**EXERCISE INSTRUCTIONS**
The finished copy should match every record exactly and contain no pictures.

BEGIN AVAILABLE DATA

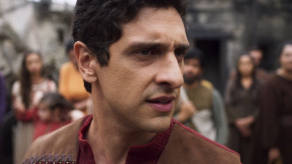 Mario Bregieira na série Neemias olhando para o lado com expressão preocupada, cercado por um grupo de pessoas em um cenário histórico
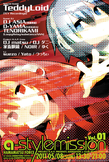 告知失礼致します! 浜松市でHAMAMATSU A-POP PARTY!をオーガナイズするProject.H.A.P.が、 Animation×Club Music をコンセプトにしたPARTYを新たに開催! HOUSE,TECHNO,ELECTRO,TRANCEといったクラブミュージックに、アニメーション要素を取り入れた ヲタク向けなクラブパーティです! 記念すべき1回目の開催に、なんとあのGAINAX制作のアニメ「Panty & Stocking with Garterbelt」において、主要な楽曲の制作を行ったTeddyLoidがスペシャルゲストで参戦! その他のゲストDJも、浜松でASIA系サウンドを中心に楽曲制作やDJをしており、
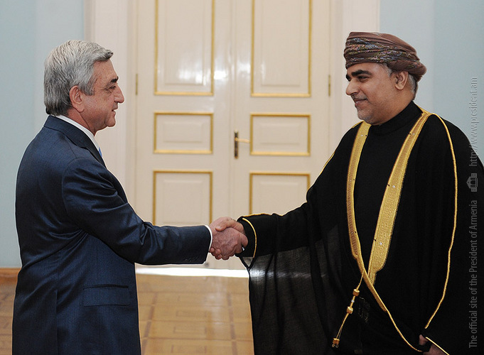 Президент Серж Саргсян подчеркнул, что развитие отношений с арабским миром является одним из первоочередных направлений внешней политики Армении, и Армения придает большое значение развитию отношений с арабскими государствами Залива, в том числе с Султанатом Оман. Для дальнейшего расширения и углубления сотрудничества между двумя странами Президент РА и посол Омана отметили важность совершенствования договорно-правовой базы, в направлении чего уже осуществляются работы: на этапе обсуждения находятся проекты ряда законов, направленных на сотрудничество в различных сферах.
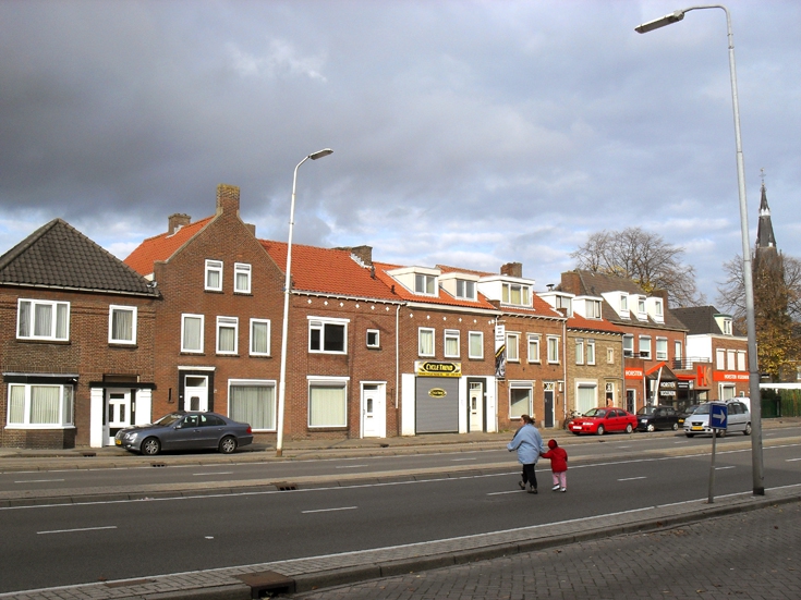 Een blik in de Kronehoefstraat met de Boschdijk in de rug. In de verte de toren van de St. Petruskerk.
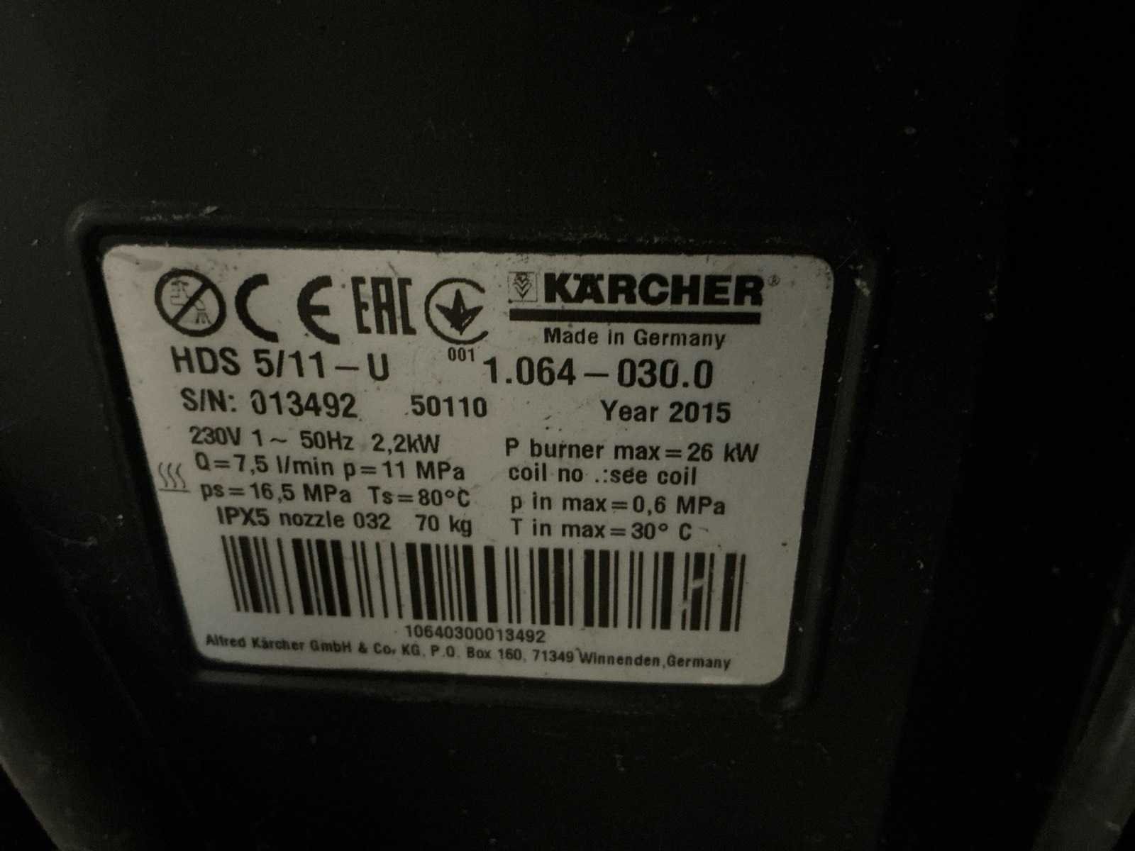 Merk: Kärcher Type: HDS 5/11U Bouwjaar: 2015 Serienummer: 013492 Dieselgestookt: true Mobiel: true Aansluiting: 230V Eigen gewicht: 70kg Totale afmeting L: 580mm Totale afmeting Breedte: 600mm Totale afmeting Hoogte: 1020mm
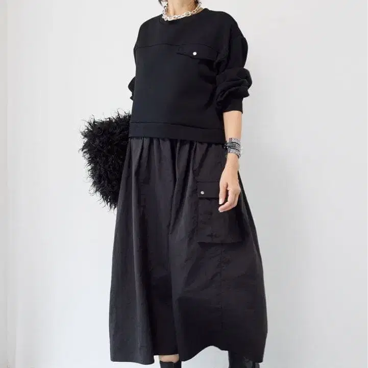맨투맨 상의와 나일론 느낌의 스커트를 조합한 이소재 도킹 원피스. 캐주얼한 착용감이지만, 입체적인 실루엣과 광택 있는 소재감이 성숙한 고급스러움을 더합니다. 가슴 부분과 스커트의 포켓 디자인이 악센트가 되어, 심플함 속에 개성을 느낄 수 있는 아이템입니다. 허리 절개로 밸런스 좋게 스타일업하며, 부츠와도 궁합이 좋습니다. 데일리룩이나 외출복으로도 활약하는, 내추럴 무드의 모드 캐주얼 원피스입니다. 시착만 한 상품으로 자택 보관 중입니다. 비교적 깨끗한 상태라고 생각하지만, 자택 보관을 이해해 주시는 분께. 개인의 검품/판매이므로, 얼룩, 흠집 등의 누락이 있을 수 있습니다. 또한, 색감의 이미지 차이 등, 직접 보고 구매하실 수 없다는 중고거래의 특성을 이해하신 후에 부탁드립니다. 사이즈: F 상의 기장 48cm 총길이 123cm 가슴 너비 51cm 어깨 너비 52cm 소매 너비 11/10.5cm 소매 길이 52cm 상의 밑단 폭 51cm 스커트 밑단 폭 92cm 색상: 블랙 계열 소재: 면 75% 폴리에스테르 25% 안감: 폴리에스테르 95% 폴리우레탄 5% (별도 천) 나일론 100% 가격: 14,080엔
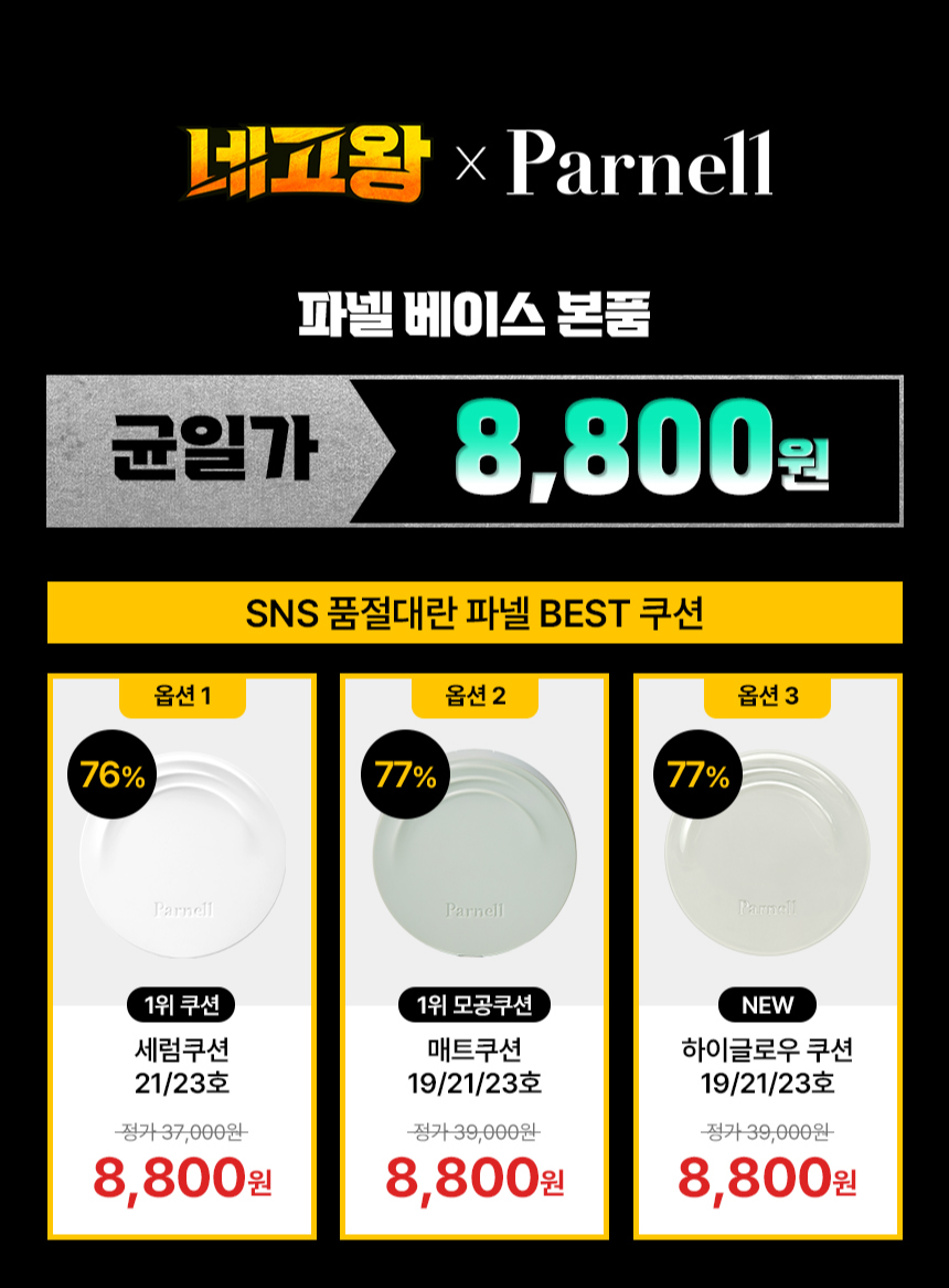 ✅ 오늘 네고왕 파넬에서 진행된 첫 번째 할인 라인업은 파넬 베이스 본품입니다. 각 단품을 균일가 8,800원으로 진행하게 되었는데요! 파넬의 대표 제품이라고 할 수 있는 세럼 쿠션, 매트 쿠션, 하이글로우 쿠션과 스킨 핏 파운데이션, 하이글로우 세럼 파운데이션, 매트 스펀데이션, 액체형 노세범 쿠션이 균일가 8,800원으로 구매 가능합니다!
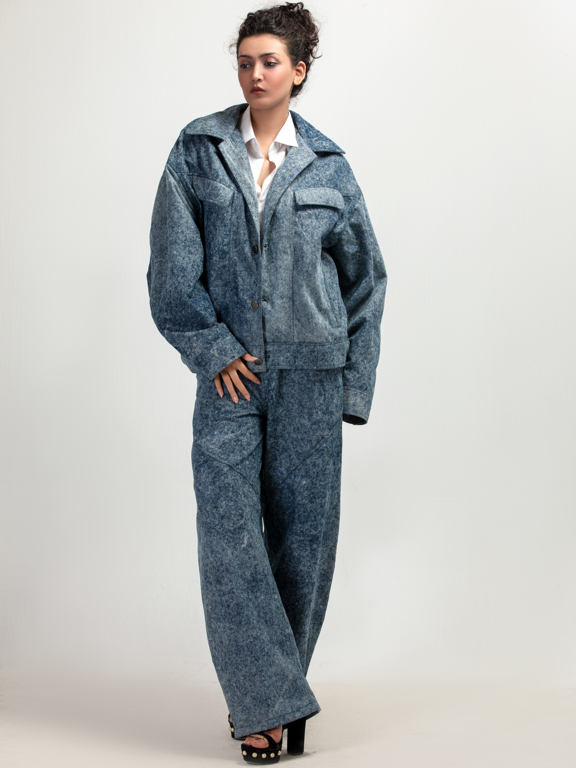 • قماش الدنيم الثقيل مع غسيل حمضي بملمس الحجر
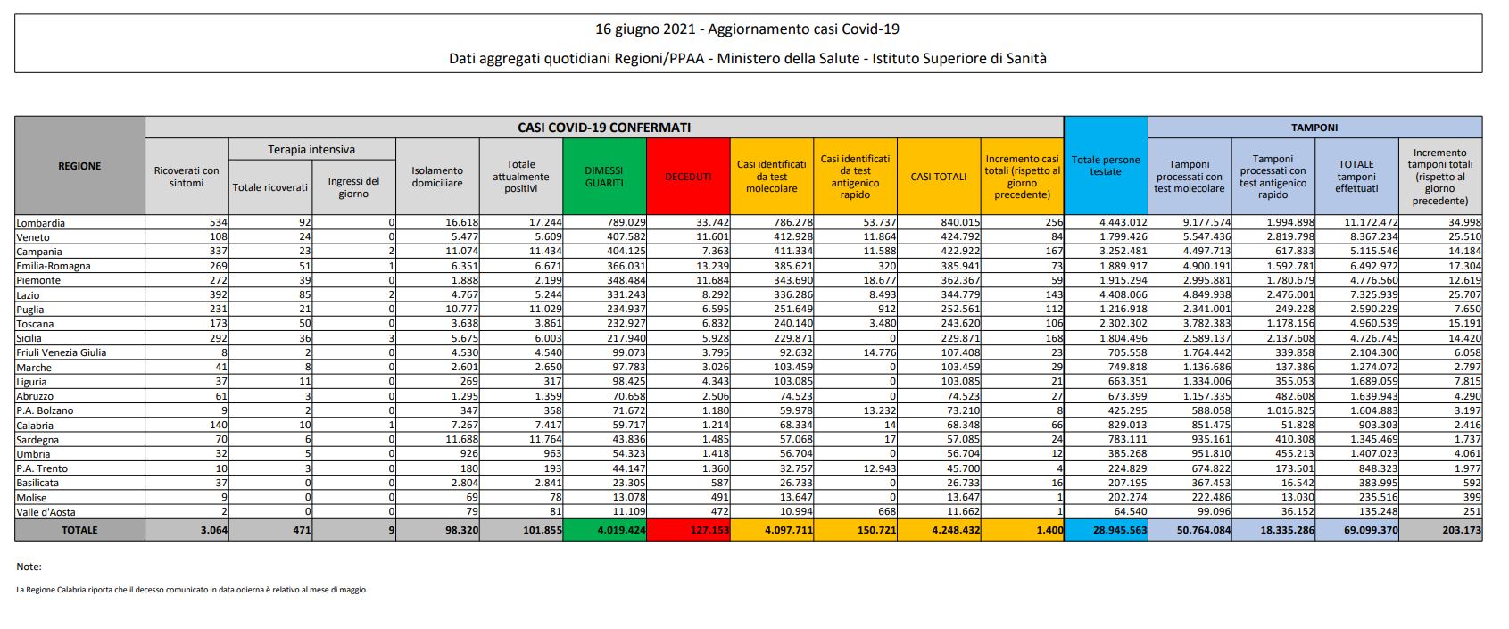 Il bollettino dell'emergenza in Italia

END AVAILABLE DATA

**RESULT**
 Mario Bregieira na série Neemias olhando para o lado com expressão preocupada, cercado por um grupo de pessoas em um cenário histórico
 告知失礼致します! 浜松市でHAMAMATSU A-POP PARTY!をオーガナイズするProject.H.A.P.が、 Animation×Club Music をコンセプトにしたPARTYを新たに開催! HOUSE,TECHNO,ELECTRO,TRANCEといったクラブミュージックに、アニメーション要素を取り入れた ヲタク向けなクラブパーティです! 記念すべき1回目の開催に、なんとあのGAINAX制作のアニメ「Panty & Stocking with Garterbelt」において、主要な楽曲の制作を行ったTeddyLoidがスペシャルゲストで参戦! その他のゲストDJも、浜松でASIA系サウンドを中心に楽曲制作やDJをしており、
 Президент Серж Саргсян подчеркнул, что развитие отношений с арабским миром является одним из первоочередных направлений внешней политики Армении, и Армения придает большое значение развитию отношений с арабскими государствами Залива, в том числе с Султанатом Оман. Для дальнейшего расширения и углубления сотрудничества между двумя странами Президент РА и посол Омана отметили важность совершенствования договорно-правовой базы, в направлении чего уже осуществляются работы: на этапе обсуждения находятся проекты ряда законов, направленных на сотрудничество в различных сферах.
 Een blik in de Kronehoefstraat met de Boschdijk in de rug. In de verte de toren van de St. Petruskerk.
 Merk: Kärcher Type: HDS 5/11U Bouwjaar: 2015 Serienummer: 013492 Dieselgestookt: true Mobiel: true Aansluiting: 230V Eigen gewicht: 70kg Totale afmeting L: 580mm Totale afmeting Breedte: 600mm Totale afmeting Hoogte: 1020mm
맨투맨 상의와 나일론 느낌의 스커트를 조합한 이소재 도킹 원피스. 캐주얼한 착용감이지만, 입체적인 실루엣과 광택 있는 소재감이 성숙한 고급스러움을 더합니다. 가슴 부분과 스커트의 포켓 디자인이 악센트가 되어, 심플함 속에 개성을 느낄 수 있는 아이템입니다. 허리 절개로 밸런스 좋게 스타일업하며, 부츠와도 궁합이 좋습니다. 데일리룩이나 외출복으로도 활약하는, 내추럴 무드의 모드 캐주얼 원피스입니다. 시착만 한 상품으로 자택 보관 중입니다. 비교적 깨끗한 상태라고 생각하지만, 자택 보관을 이해해 주시는 분께. 개인의 검품/판매이므로, 얼룩, 흠집 등의 누락이 있을 수 있습니다. 또한, 색감의 이미지 차이 등, 직접 보고 구매하실 수 없다는 중고거래의 특성을 이해하신 후에 부탁드립니다. 사이즈: F 상의 기장 48cm 총길이 123cm 가슴 너비 51cm 어깨 너비 52cm 소매 너비 11/10.5cm 소매 길이 52cm 상의 밑단 폭 51cm 스커트 밑단 폭 92cm 색상: 블랙 계열 소재: 면 75% 폴리에스테르 25% 안감: 폴리에스테르 95% 폴리우레탄 5% (별도 천) 나일론 100% 가격: 14,080엔
 ✅ 오늘 네고왕 파넬에서 진행된 첫 번째 할인 라인업은 파넬 베이스 본품입니다. 각 단품을 균일가 8,800원으로 진행하게 되었는데요! 파넬의 대표 제품이라고 할 수 있는 세럼 쿠션, 매트 쿠션, 하이글로우 쿠션과 스킨 핏 파운데이션, 하이글로우 세럼 파운데이션, 매트 스펀데이션, 액체형 노세범 쿠션이 균일가 8,800원으로 구매 가능합니다!
 • قماش الدنيم الثقيل مع غسيل حمضي بملمس الحجر
 Il bollettino dell'emergenza in Italia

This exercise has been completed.